At the Self Psychology Conferences held over the past several years central panels (Groves (1998), Weisel-Barth (2000), Pickles (2001), and Carlton (2004)) have been repetitively addressing parts of the controversy in the treatment of severe trauma survivors: Critiqued for missing opportunities for deeper treatment by protecting a patient from the experience of intense affects in the reliving trauma, Weisel-Barth responded that the patient was too frightened to be allowed to go into the negative transference too deeply or for too long, that the patient might have bolted treatment and that the patient needed the new experience of a soothing relationship. In contrast, Friedman, a discussant of Carlton’s paper, argued that the treatment described by Carlton encouraged too much reliving of trauma and not enough medication, suppression of affects, and alternate interventions, and, as a result, the patient’s entire life structure was unnecessarily disrupted by the process. Others have similarly critiqued the reliving allowed by Carlton as “deepening the grooves of the traumatic pathways” and, therefore, reinforcing the traumatic experience and response style. Carlton defended her approach saying that treatments can miss the core of a patient’s experience if they fail adequately to explore traumatic material through reliving it.

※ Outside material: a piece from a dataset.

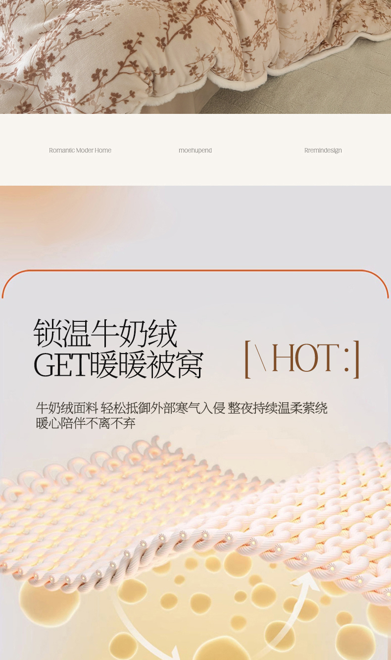 2025新款A类高克重牛奶绒泡泡绒印花美拉德风系列四件套

Comments from my own patients confirm how delicately nuanced are the answers to the questions about reliving trauma. An emotionally neglected physically tortured patient told me after reading this paper that, for her, the pain of reliving trauma is insignificant in comparison to her daily experience of living. On the other hand, another patient, who was herself and observed her sister being massively abused by her father was approached by this sister, when this sister began to have childhood memories of abuse as an adult. My patient asked her sister a series of questions: was she was suicidal, getting along with her husband, children and at work? The sister answered she was functioning well. So my patient said, “If you can continue in that way then don’t start stirring the shit at least until your kids get out of high school. If anything changes then call me back and we can discuss it again.” Perhaps most poignantly, a patient suffering from severe dissociative identity disorder as a result of horrible trauma, said to me, “I know that reclaiming and reliving these horrible experiences is so painful for me but I want them and need them because they make me feel more solidly myself.”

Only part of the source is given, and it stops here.